Собрание сочинений. Т.18. Рим
Шрифт:
Он весь горел воодушевлением, глаза его сверкали молодым огнем. Пьер улыбался, покоренный пылом старика, и наконец сказал:
— За это дело надо приниматься снизу, начинать с народа. Надо воссоздать людей.
— Совершенно верно! — вскричал Орландо. — И я все время твержу — надо воссоздать Италию. Можно подумать, будто восточный ветер унес прочь с нашей древней земли животворные семена могучих и славных поколений. Нашей стране далеко до Франции, у нее нет таких запасов людей и денег, откуда можно черпать полными пригоршнями. Но такой неиссякаемый источник должен открыться и у нас. И для этого надо начинать снизу. Да! Надобно повсюду открывать школы, изгонять невежество, бороться с грубостью и ленью при помощи книг, и тогда просвещение, образование создадут тот трудовой народ, который нам необходим, если мы не хотим выпасть из сообщества великих государств. Я повторяю: для кого же мы трудились, отвоевывали Рим, стремясь в третий раз покрыть его славой, если не для будущей демократии? Чем же объяснить, что все здесь рушится и ничто не дает живучих ростков? Только тем, что у нас нет демократии. Да, да! Решение задачи состоит
Пьер колебался, не решаясь сказать, что нацию не так-то легко изменить, что Италия — плод своей земли, своей истории, длинной вереницы поколений и что попытка преобразовать ее одним ударом — опасная затея. Ведь народы, как и все живые существа, последовательно проходят через кипучую юность, плодотворную зрелость и постепенное увядание, которое кончается смертью. Современный, демократический Рим, великий боже! Современный Рим именуется сегодня Лондоном, Парижем, Чикаго. Но Пьер ограничился тем, что осторожно возразил:
— Однако не думаете ли вы, что в ожидании великого обновления Италии самим народом вам следует быть благоразумнее? Ваши финансы в таком плачевном состоянии, вы переживаете столько социальных и экономических затруднений, что рискуете вызвать страшнейшие катастрофы, прежде чем обретете людей и деньги. Как мудро поступил бы тот из ваших министров, кто заявил бы с трибуны: «К сожалению, наша гордыня нас обманула, мы напрасно провозгласили, будто за один день стали великой нацией, для этого требуется много времени, много труда и терпения; пока что мы просто молодой народ, который набирается сил, работает в своем доме, мужает и еще долго не будет домогаться владычества; мы разоружимся, откажемся от военного и морского бюджета, от всех бюджетов, укрепляющих наш внешний престиж, и посвятим все силы внутреннему процветанию нашей страны, образованию, физическому и нравственному воспитанию великого народа, которым мы клянемся стать через пятьдесят лет». Образумьтесь, образумьтесь — в этом ваше спасение!

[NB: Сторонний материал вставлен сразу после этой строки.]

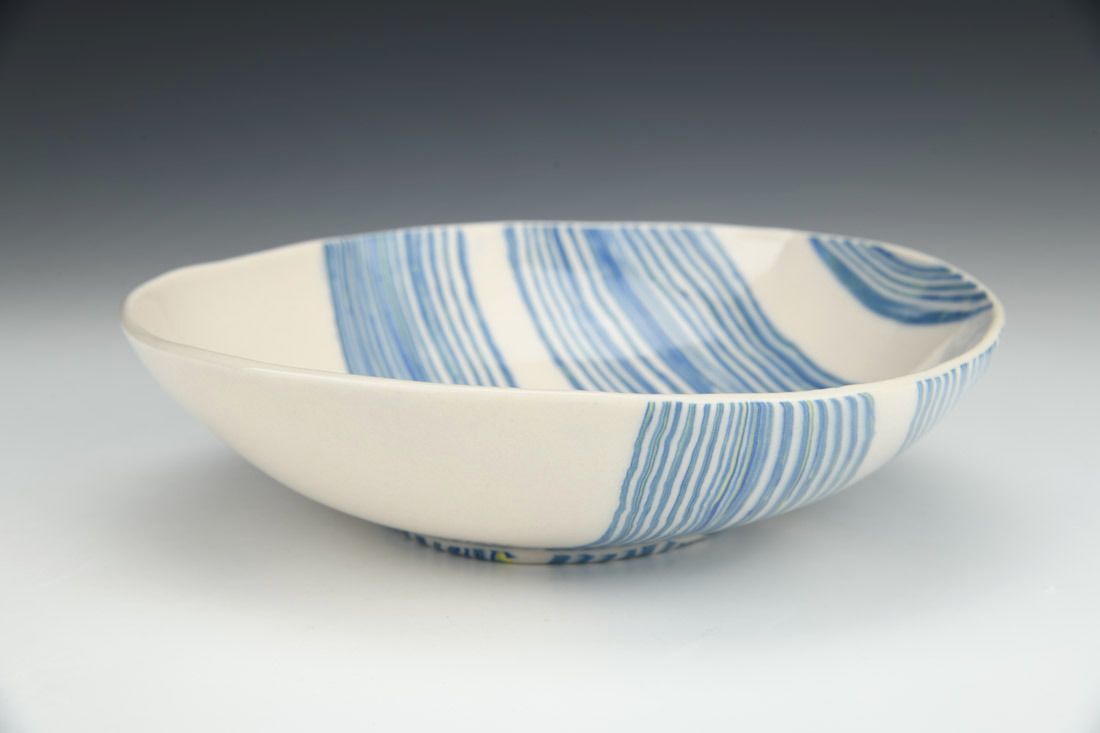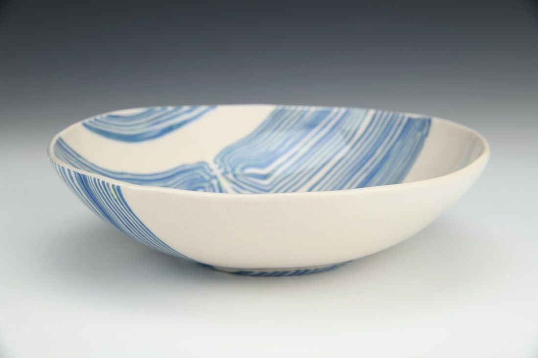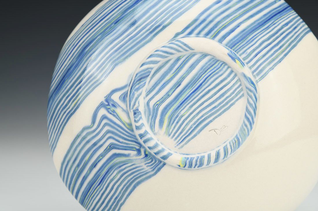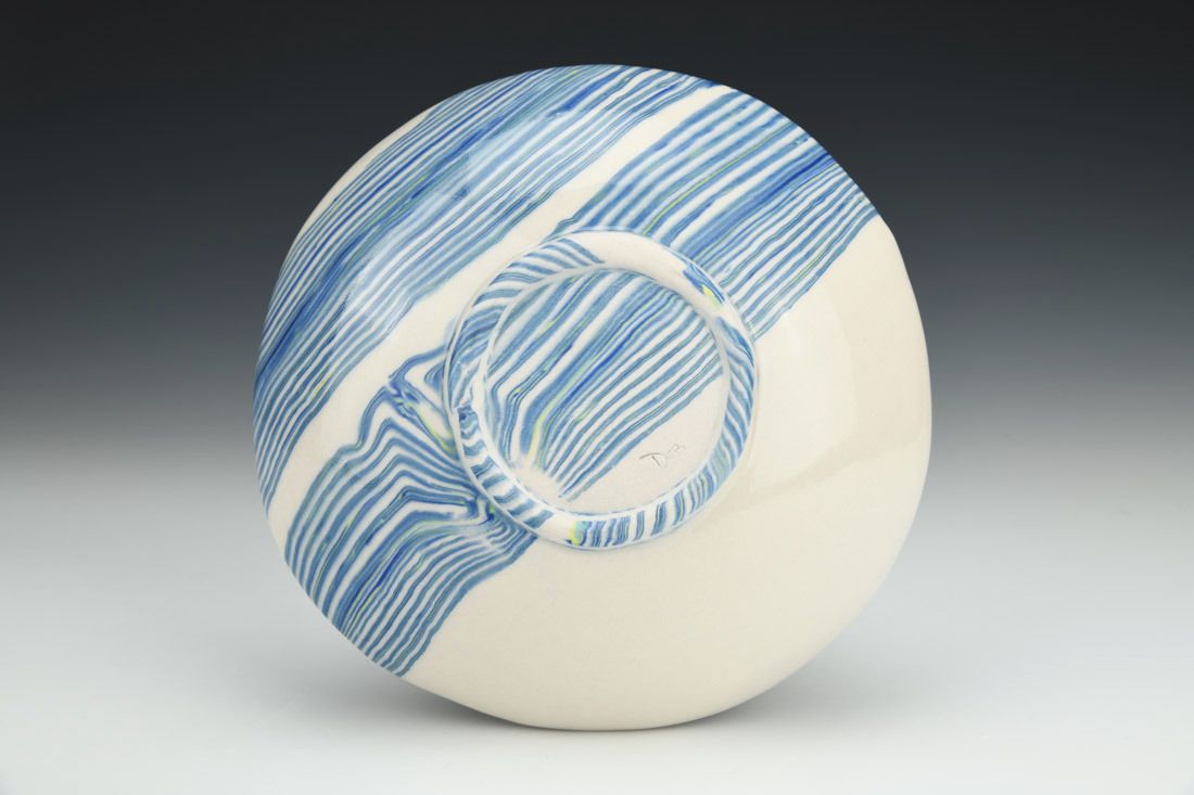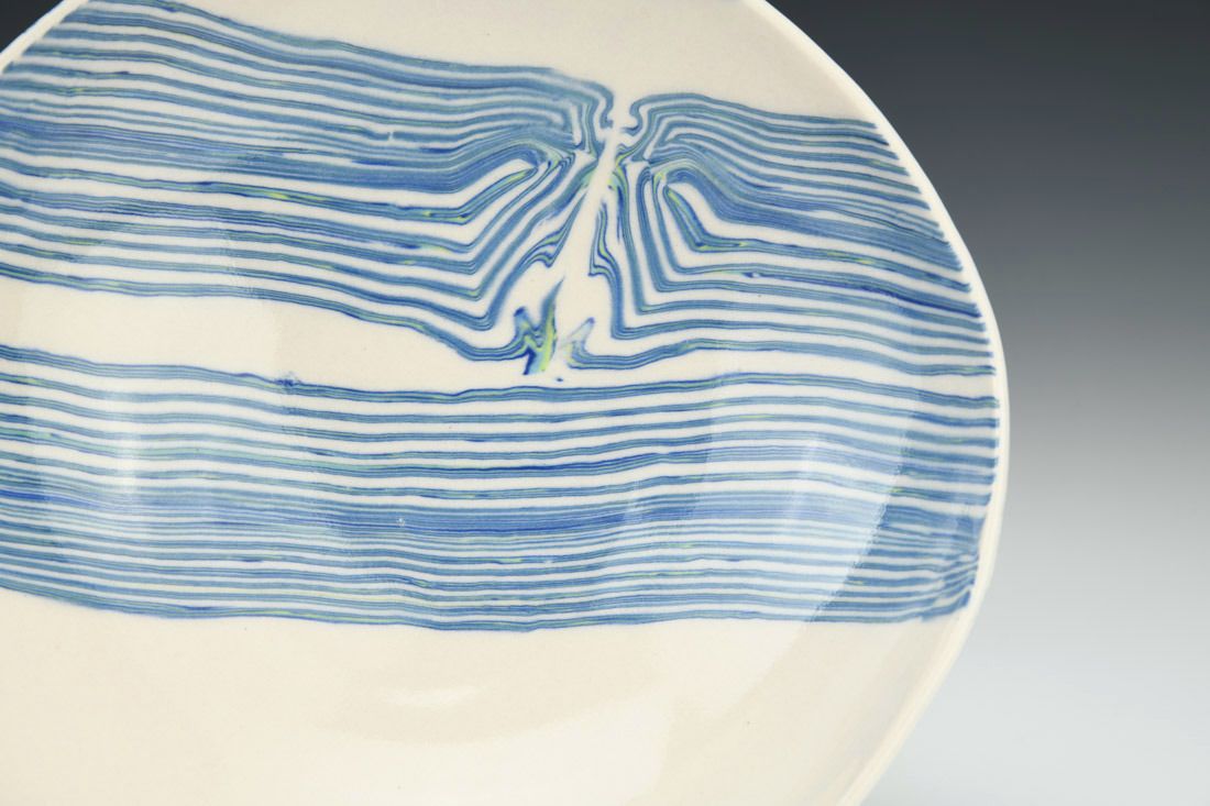 Porcelain, laminated colored clay, hand built with slabs, glaze, cone 6 oxidation fired, 2 x 7.5 x 7.5 inches.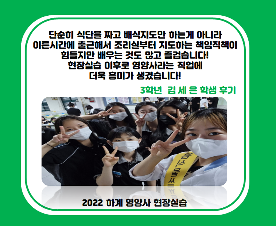 본문 시작 홈으로 커뮤니티 학부소개 진로·취업 교육과정 커뮤니티 대학원 입학상담 홈페이지가이드 갤러리 공지사항 갤러리 학생회 동문회 전공자료실 전공동아리 Youtube Instagram 갤러리 페이스북 트위터 프린트 2022 하계영양사 현장실습(동일여자고등학교) 바이오식품영양학부 1984 2022-07-13 목록 이전2022 하계영양사 현장실습(제천시청) 다음 2022 하계영양사 현장실습(목원푸드 코레일 승무원기숙식당) 담당부서 : 바이오식품영양학부 담당자 : - 연락처 : 043-649-1430 최종수정일 : 2024-10-26 만족도조사 만족도 조사 이 페이지에서 제공하는 정보에 대하여 만족하시나요? 매우만족 만족 보통 불만족 매우불만족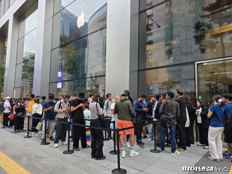 19일 오전 서울 중구 애플스토어 명동 앞에 아이폰 17 시리즈 구매를 기다리는 인파가 몰렸다. 사진=박성현 기자 |
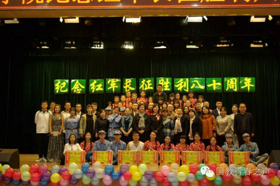 11月2日下午4:00,由国际教育学院党总支主办的“纪念红军长征胜利80周年红歌会”在多多28大学生活动中心隆重举行。大会开始,全体起立奏唱中华人民共和国国歌。 我校副校长兼国际教育学院院长刘越莲教授为大会致辞,国际教育学院党总支书记梁蕊老师讲话并且宣读本次比赛的评分规则。 院2015级、2016级各团支部激情饱满的演唱了《南泥湾》、《保卫黄河》、《十送红军》、《强军战歌》、《女兵谣》等十首长征歌曲,再现了红色经典不朽的力量。全场观众随着乐章重温长征历史,感受英雄气概,激发革命豪情,掌声激情热烈。比赛结束时,所有获奖的班级代表上台和嘉宾、评委老师合影。在一片热烈的掌声中,本次红歌会圆满结束。

Орландо, слушая аббата, понемногу мрачнел, снова погрузившись в тревожные думы. Наконец, устало, печально махнув рукой, он сказал вполголоса:
— Нет, нет! У нас освищут министра, который вздумает сделать такое признание. Это было бы слишком горько, нельзя этого требовать от народа. Все возмутились бы, вскипели бы от негодования. Было бы, пожалуй, еще опаснее одним ударом разрушить все, что мы создали до сих пор. Сколько разбитых надежд, сколько банкротств, сколько средств, затраченных понапрасну! Нет, теперь нас могут спасти только терпение и мужество, итак — вперед, всегда вперед! Мы очень молодой народ, и мы захотели добиться за пятьдесят лет объединения, на которое другие народы затратили два столетия. Ну, что ж! Теперь приходится расплачиваться за эту поспешность, надо ждать, когда посев созреет и наполнит зерном наши житницы.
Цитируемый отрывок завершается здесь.